** Supplied data **
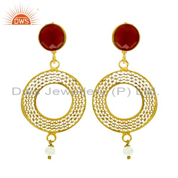 18K Yellow Gold Plated Sterling Silver Red Onyx & Pearl Filigree Dangle Earrings
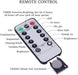- 8 Modes settings with Remote Control:13-key buttons: TIME Mode (6hours on and 18 hours off automatically cycle) 8 Modes: combination, in waves, sequential, slogs , chasing/flash, slow fade, twinkle/flash, and steady on Press DIM- or press DIM+ of remote control to adjust the brightness of the lights on and off.
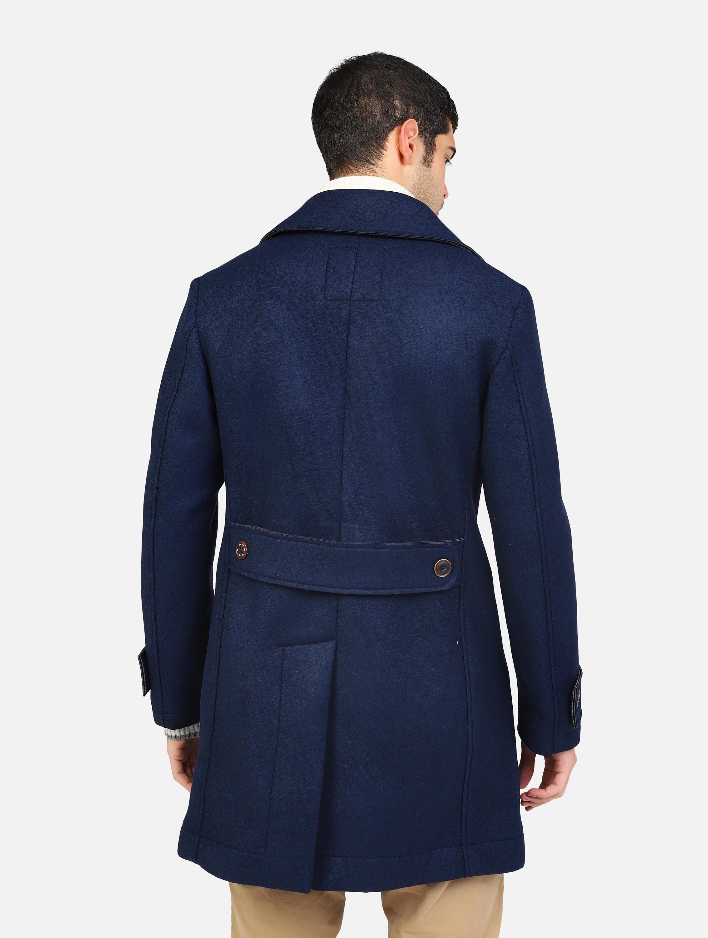 Cappotto doppio petto con tasche a taglio e logo sul colletto blu navy man

** To do **
Excluding the pictures, retype the line containing "- 8 Modes settings" and all lines after it down to the end of the data above.

** Result **
- 8 Modes settings with Remote Control:13-key buttons: TIME Mode (6hours on and 18 hours off automatically cycle) 8 Modes: combination, in waves, sequential, slogs , chasing/flash, slow fade, twinkle/flash, and steady on Press DIM- or press DIM+ of remote control to adjust the brightness of the lights on and off.
 Cappotto doppio petto con tasche a taglio e logo sul colletto blu navy man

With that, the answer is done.